** Data shown **
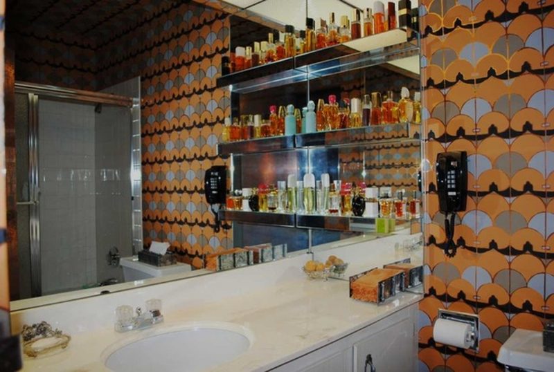 The other one is in orange, the second color that dominates the rooms. You can notice that the bathrooms are fully furnished, together with items like perfume bottles. According to Lauri Rosenbloom, the agent that is responsible for selling the condo, the perfumes are all vintage, and they were left there by the owners back in the 1970s or 1980s.
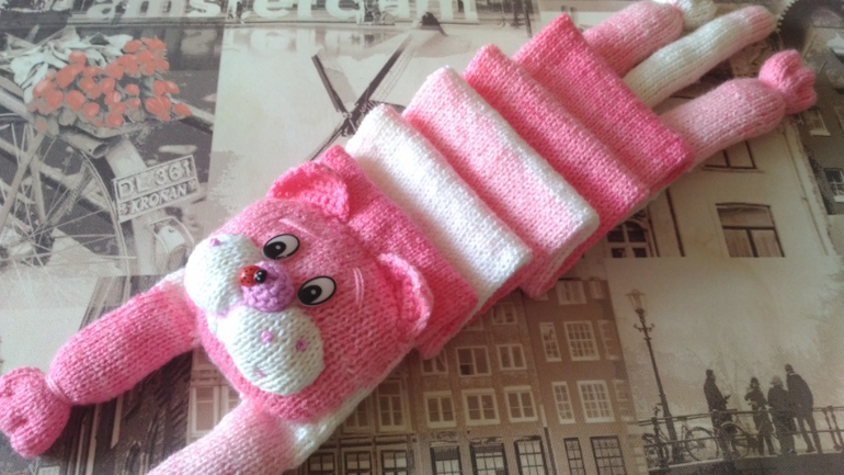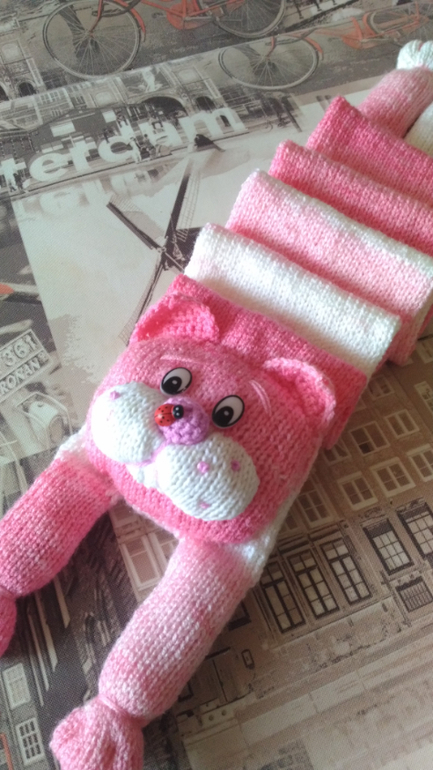 Длина шарфика получилась 100 см без учета лапок.Ширина 15 см.Вязала в подарок на годовасие племяннице.
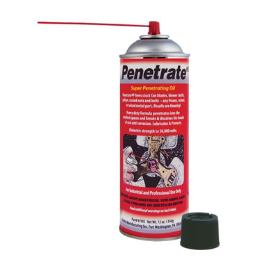 Loosens rusted and frozen metal parts ? Guaranteed! Penetroil frees stuck fan blades, blower shafts, pulleys, rusted nuts and bolts ? any frozen, rusted, or seized metal part! New low surface tension penetrant creeps into the smallest spaces and breaks and dissolves the bonds of rust and corrosion. Saves time and labor. Lubricates and protects metals. Dielectric strength 50,000 volts. For Industrial and Professional Use Only. Penetroil is specially formulated with new low surface tension technology to creep into the smallest cracks, crevices, seams, or threads of rusted, seized, and corroded parts to quickly dissolve the bonds of rust, corrosion, carbon deposits, gums, varnishes, and grease to free the metal parts. Penetroil displaces water and leaves a lubricating film to protect metal parts and prevent rust and corrosion. Super penetrating formula creeps into spaces as small as one millionth of an inch!
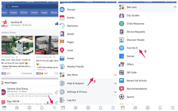 Bước 2: Tiếp đến bạn hãy truy cập vào ứng dụng Facebook trên điện thoại. Sau đó ấn chọn vào biểu tượng 3 gạch để sử dụng các tính năng mở rộng, tiếp tục chọn “See More” để xem danh sách các tính năng và chọn “Find Wi-Fi”.

** Exercise **
Transcribe the data word for word, with no images.

** Your response **
 The other one is in orange, the second color that dominates the rooms. You can notice that the bathrooms are fully furnished, together with items like perfume bottles. According to Lauri Rosenbloom, the agent that is responsible for selling the condo, the perfumes are all vintage, and they were left there by the owners back in the 1970s or 1980s.
 Длина шарфика получилась 100 см без учета лапок.Ширина 15 см.Вязала в подарок на годовасие племяннице.
 Loosens rusted and frozen metal parts ? Guaranteed! Penetroil frees stuck fan blades, blower shafts, pulleys, rusted nuts and bolts ? any frozen, rusted, or seized metal part! New low surface tension penetrant creeps into the smallest spaces and breaks and dissolves the bonds of rust and corrosion. Saves time and labor. Lubricates and protects metals. Dielectric strength 50,000 volts. For Industrial and Professional Use Only. Penetroil is specially formulated with new low surface tension technology to creep into the smallest cracks, crevices, seams, or threads of rusted, seized, and corroded parts to quickly dissolve the bonds of rust, corrosion, carbon deposits, gums, varnishes, and grease to free the metal parts. Penetroil displaces water and leaves a lubricating film to protect metal parts and prevent rust and corrosion. Super penetrating formula creeps into spaces as small as one millionth of an inch!
 Bước 2: Tiếp đến bạn hãy truy cập vào ứng dụng Facebook trên điện thoại. Sau đó ấn chọn vào biểu tượng 3 gạch để sử dụng các tính năng mở rộng, tiếp tục chọn “See More” để xem danh sách các tính năng và chọn “Find Wi-Fi”.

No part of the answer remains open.